→ **TASK TO CARRY OUT**
Return each line of the listing exactly, though without its images.

→ **AVAILABLE DATA**
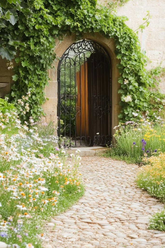 Rustic charm meets natural beauty with a cobblestone path and wildflowers. A vintage iron archway draped in ivy adds a storybook touch. Pair with antique planters for a timeless aesthetic.
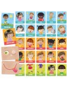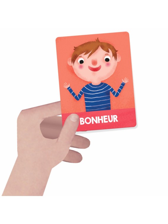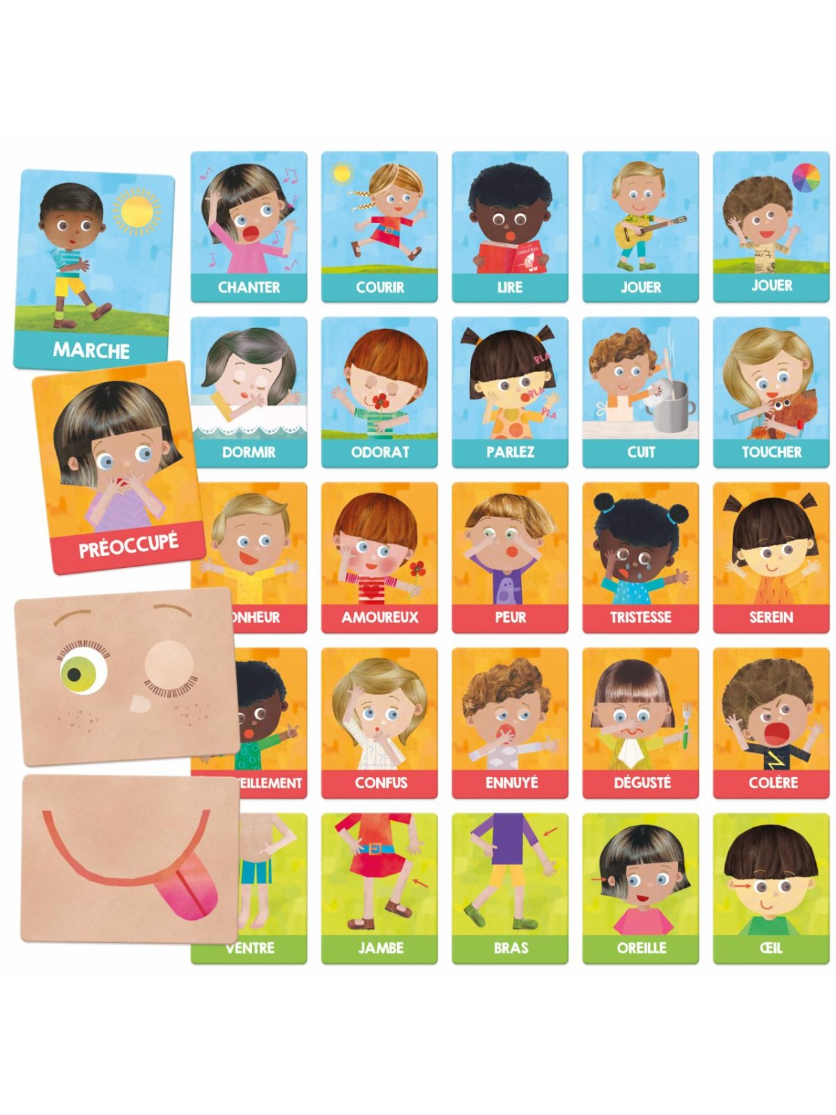 Quarante grandes cartes de nombreuses activités : reconnaître les émotions, les expressions du visage et les actions quotidiennes, en observant les attitudes des enfants représentés. On peut également jouer à inventer des visages rigolos !
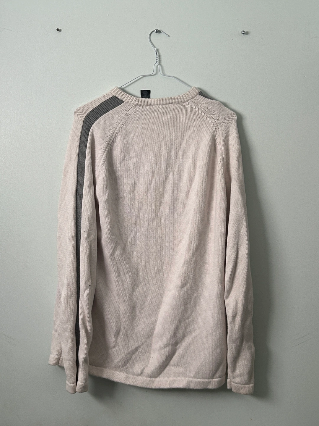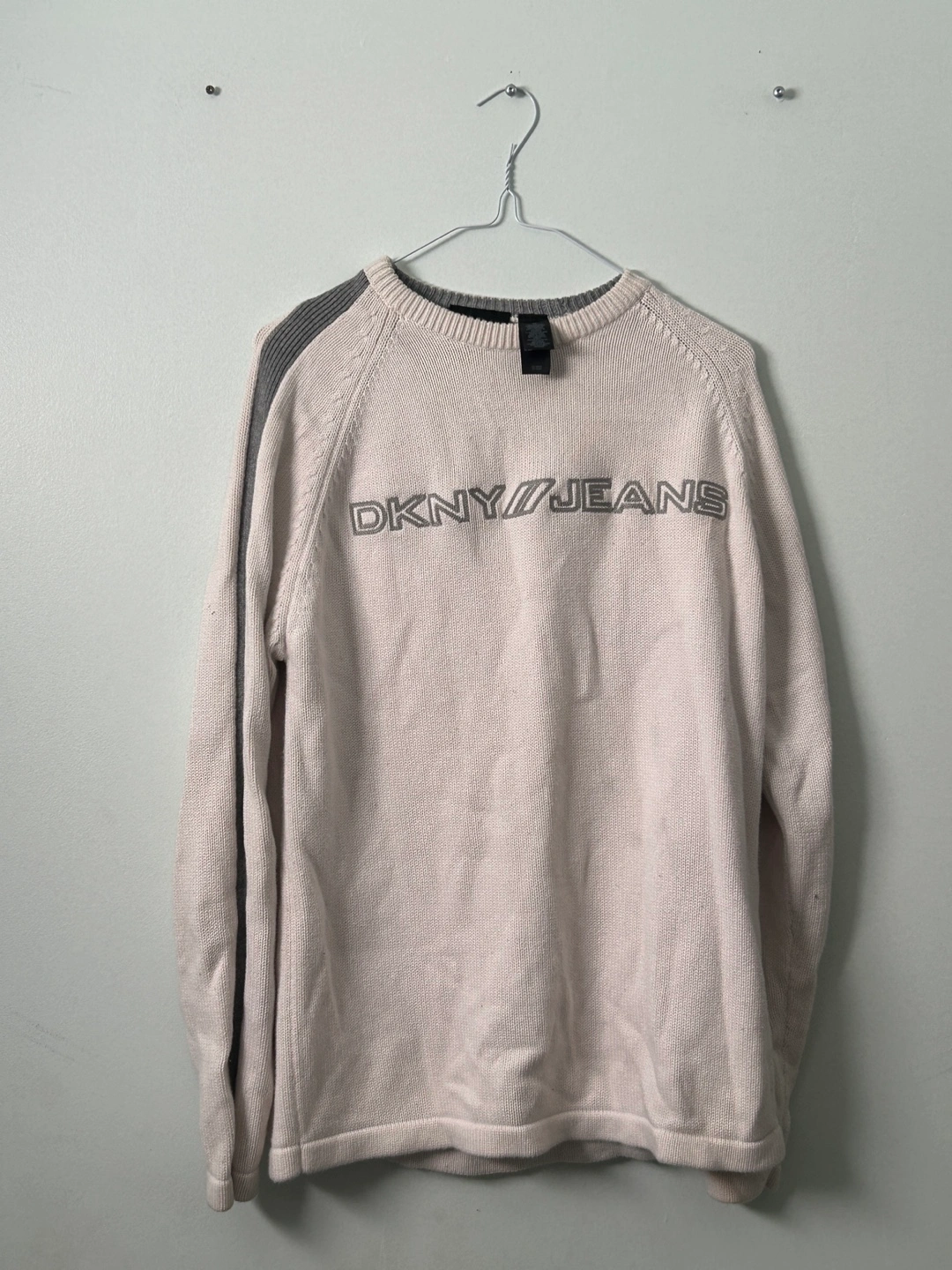white coloured sweater. Features grey detailing on the shoulders and DKNY Jeans branding. Long sleeves, crew neck. Size Medium.

→ **RESULT OF THIS EXERCISE**
 Rustic charm meets natural beauty with a cobblestone path and wildflowers. A vintage iron archway draped in ivy adds a storybook touch. Pair with antique planters for a timeless aesthetic.
 Quarante grandes cartes de nombreuses activités : reconnaître les émotions, les expressions du visage et les actions quotidiennes, en observant les attitudes des enfants représentés. On peut également jouer à inventer des visages rigolos !
white coloured sweater. Features grey detailing on the shoulders and DKNY Jeans branding. Long sleeves, crew neck. Size Medium.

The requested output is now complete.